I came across this article which is basically saying that Optimize table:

  1. not going to show much improvement in case your queries don't use the PK.
  2. other indexes on the table are built in a pseudo-random order and most likely would not benefit from the Optimize table.
  3. could actually make Updates slower due to the fact that now each change have higher probability of resulting in a page split.

My questions are:

  1. Are the 3 points above always true? Partially? Not at all?
  2. When is it a good shot to try and Optimize a table?
  3. In which cases Optimizing a table would not benefit or even make some uses of the table worse?
  4. Is there a way to Optimize the indexes of a table other than its PK?

Best Answer

Baron Schwartz, the author of that post, is one of the coauthors of High Performance MySQL, 3rd Edition, one of the best books out there regarding MySQL performance. While the argument of authority is not always a good one, I would like to remark that probably he knows what he is saying.

While everything he says is correct -in my humble opinion-, you must understand the actual underlying argument: defragmenting an InnoDB table is in many cases useless (for performance), and many people recommending to do it frequently are wrong.

Fragmentation and page-splitting is a delicate topic, which people like Jeremy Cole http://blog.jcole.us/2013/04/09/innodb-bugs-found-during-research-on-innodb-data-storage/ and Facebook engineers have mentioned a lot (specially, regarding to compression): https://www.facebook.com/note.php?note_id=10150348315455933 and its implications on performance.

Many times, your performance is load-dependent- Do you insert using an auto-increment? Do you insert and delete many times in the middle of your table? Can you afford the extra disk space if your table is very dynamic?
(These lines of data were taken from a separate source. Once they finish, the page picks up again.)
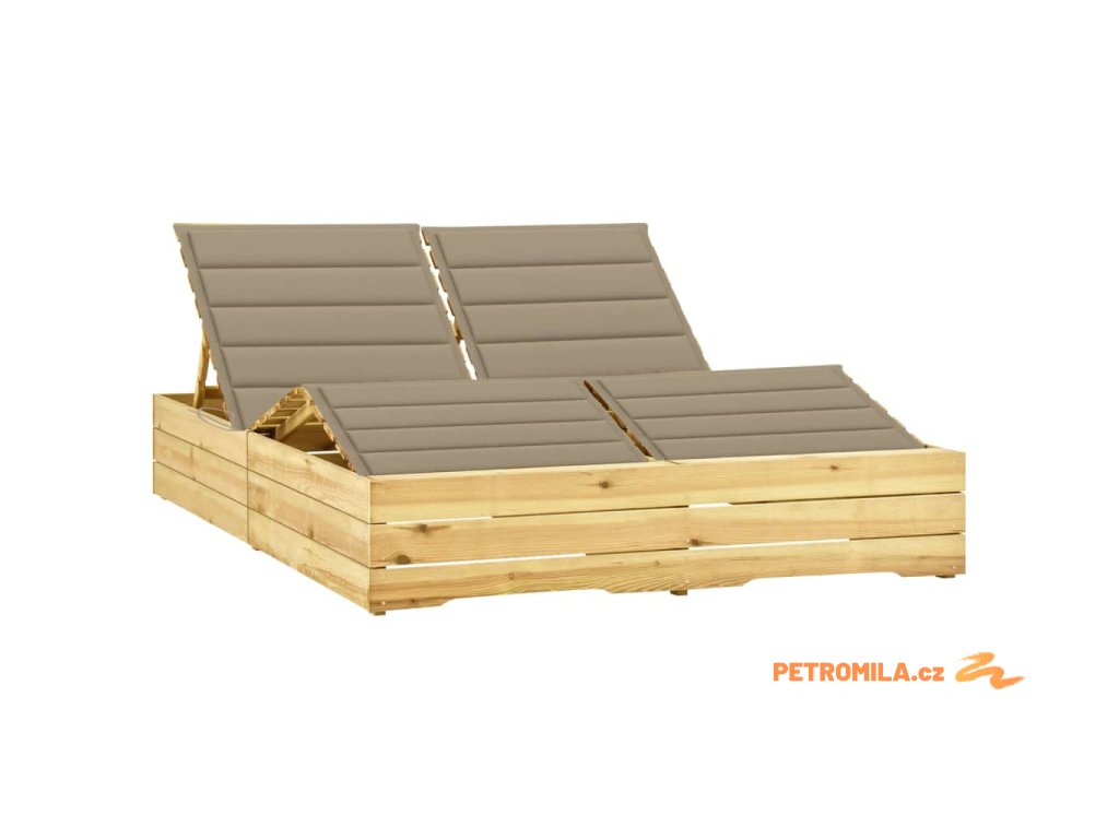 Dvojité lehátko s béžovými poduškami impregnovaná borovice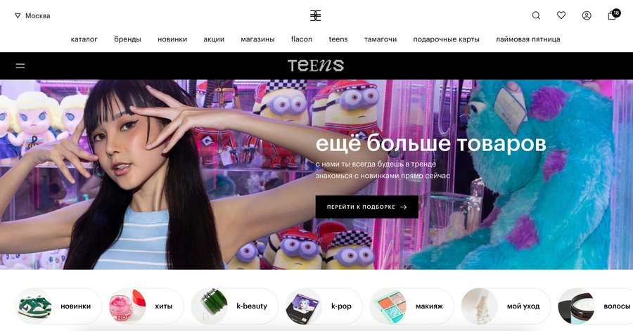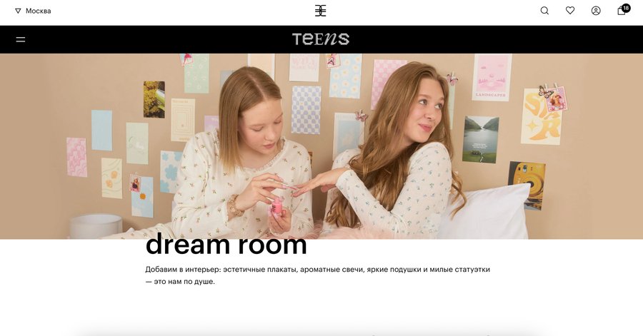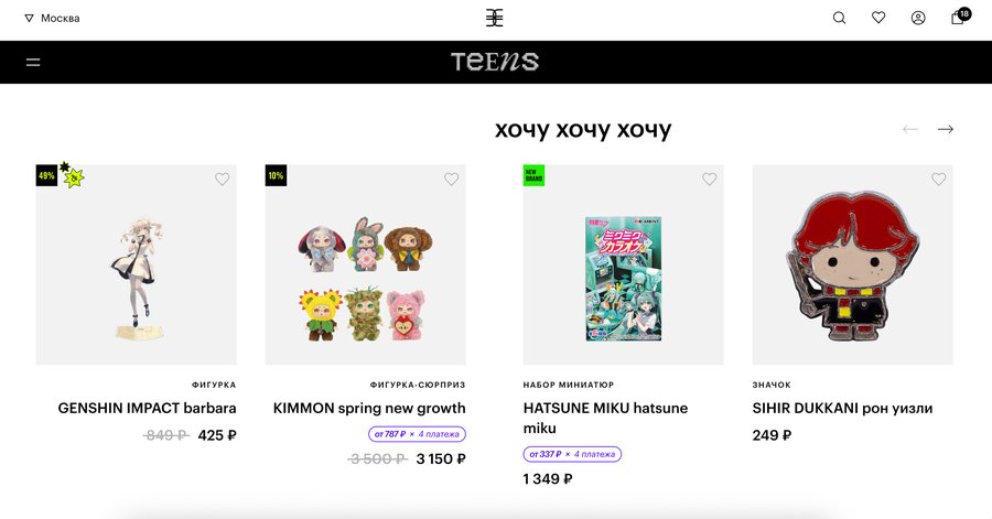 Отдельно выделен раздел «teens», в котором собраны отобранные товары специально для подростков. Он учитывает возрастные и культурные особенности младших зумеров, создаёт ощущение персонализированного подхода и поддерживает вовлечённость пользователей с раннего возраста.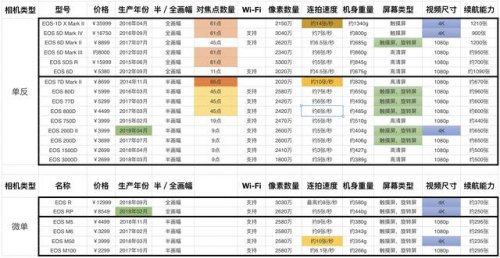 佳能主流相机关键参数盘点图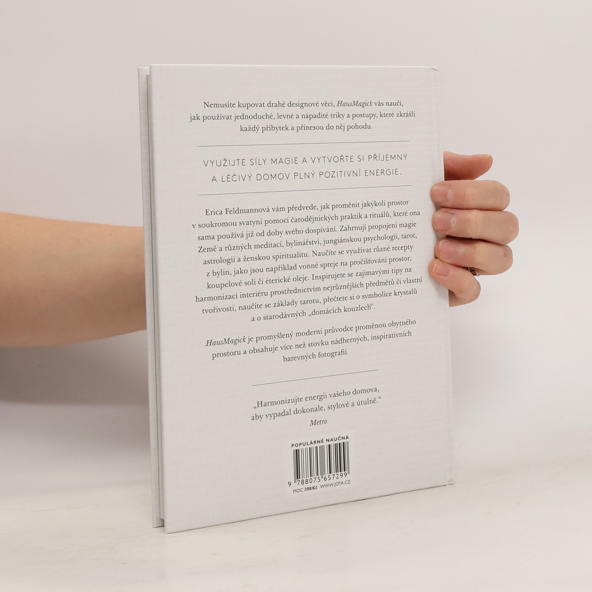 Využijte síly magie a vytvořte si příjemný a léčivý životní prostor s pomocí tohoto jedinečného ilustrovaného průvodce. Je to kniha pro každého, kdo si touží vybudovat krásný a pohodlný domov plný pozitivní energie. Nemusíte kupovat drahé designové věci, HausMagick vás naučí, jak používat jednoduché, levné a nápadité triky a postupy, které zkrášlí každý příbytek a přinesou do něj pohodu. Erica Feldmannová vám předvede, jak si můžete jakýkoli prostor proměnit na soukromou svatyni pomocí čarodějnických praktik a rituálů, které ona sama používá již od doby svého dospívání. Tyto praktiky zahrnují propojení magie Země a různých meditací, bylinářství, jungiánskou psychologii, tarot, astrologii, ženskou spiritualitu a přeměnu obytného prostoru v duchu všech těchto prvků. V knize se naučíte využívat různé recepty z bylin, jako jsou například vonné spreje na pročišťování prostor, koupelové soli či éterické oleje. Inspirujete se zajímavými tipy na harmonizaci interiéru prostřednictvím nejrůznějších předmětů či vlastní tvořivosti, naučíte se základy tarotu, seznámíte se se symbolikou krystalů a po generace předávanými „domácími kouzly“.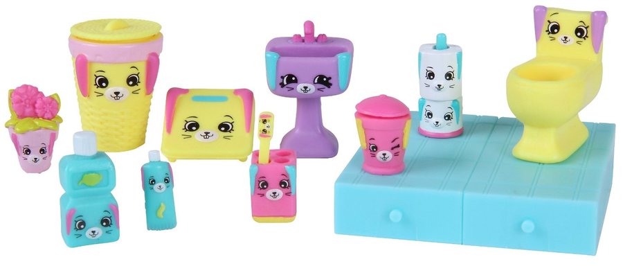- The Bunny Bathroom comes with 3 Medium Petkins, 8 Small Petkins, 4 Mini Petkins, 2 tiles and 1 catalog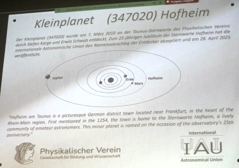 Hofheim bei Frankfurt. Die dortige Sternwarte hatte ihr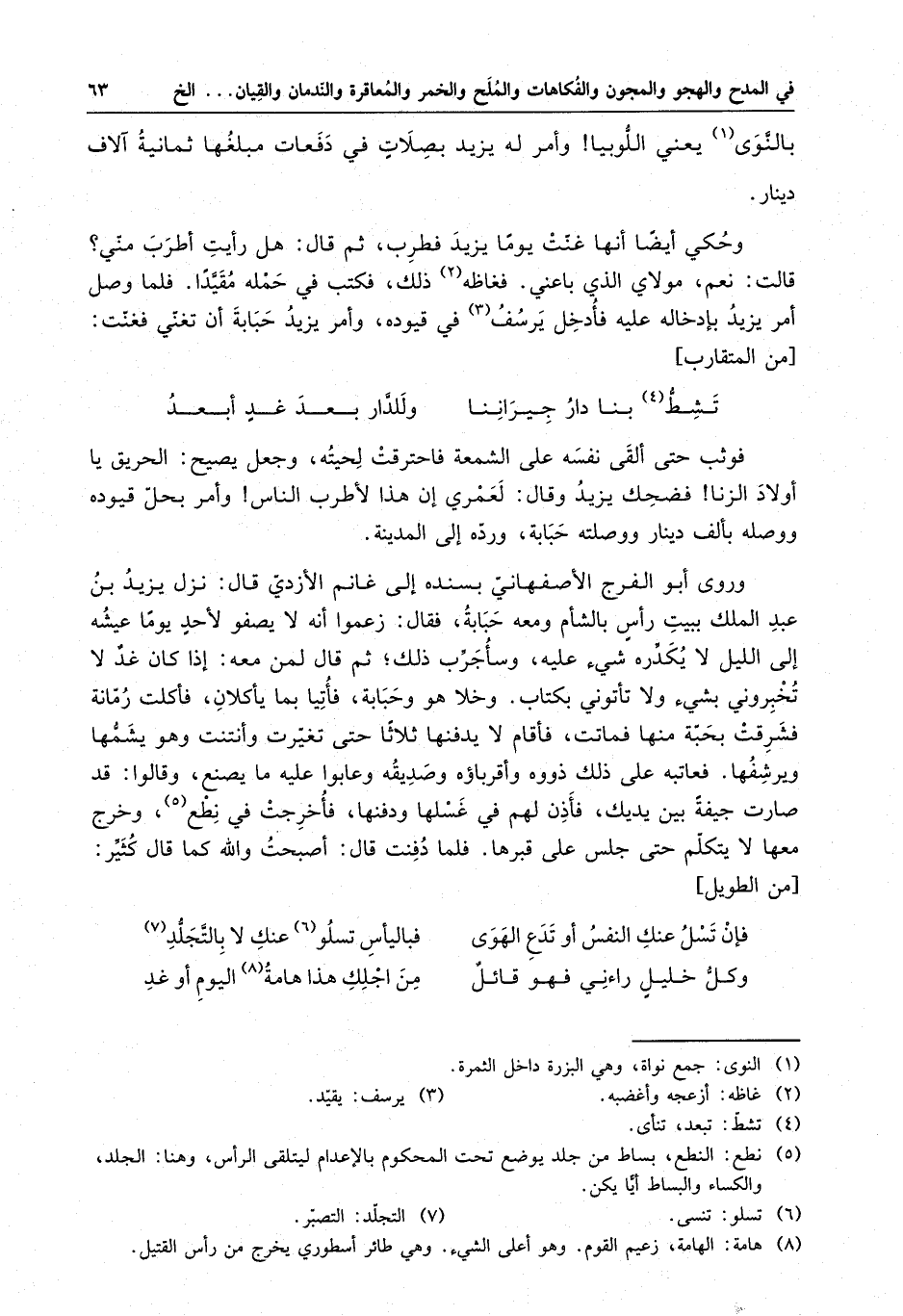 وحكى أيضاً أنها غنت يوماً يزيد فطرب ، ثم قال : هل رأيت أطرب مني ؟ قالت : نعم ، مولاي الذي باعني . فغاظه ذلك ، فكتب في حمله مقيداً . فلما وصل أمر يزيد بإدخاله عليه فأدخل يرسف في قيوده ، وأمر يزيد حبابة أن تغني فغنت :

There are some good practices that I can recommend you (which is probably what you want):

  • Defragment only if you have done a batch DELETE of lots of records (and you do not intend to insert them back). In other cases, it may not be necessary. If you want to know if there is a huge difference between logical data and file size, compare the .idb file with the data + index size from show table status.
  • Speedup insertion by inserting always in PRIMARY KEY order, so you do not force unnecessary page splits.
  • Use partitioning to isolate changes that may alter the internal structure of the table.
  • There is no way to "optimize the secondary indexes", but I would never find such a thing necessary. The change buffer makes sure that changes/rebalances to indexes are done asyncronously without huge performance problems. A BTREE should always be balanced, so assuming your change buffer is not full and the purge thread deletes old row records promptly, your performance should be ok. One way I can think of "optimizing secondary indexes", as you called it, is DROPing the index and recreating it (asuming you are using the InnoDB Plugin or MySQL 5.5+), but I see absolutely no reason to do that.

Of course, if you really want to dig into this topic, create some tables, defragment them and check if you actually have some gain afterwards. In general, tablespace handling and statistics gathering is something relatively automatic on InnoDB.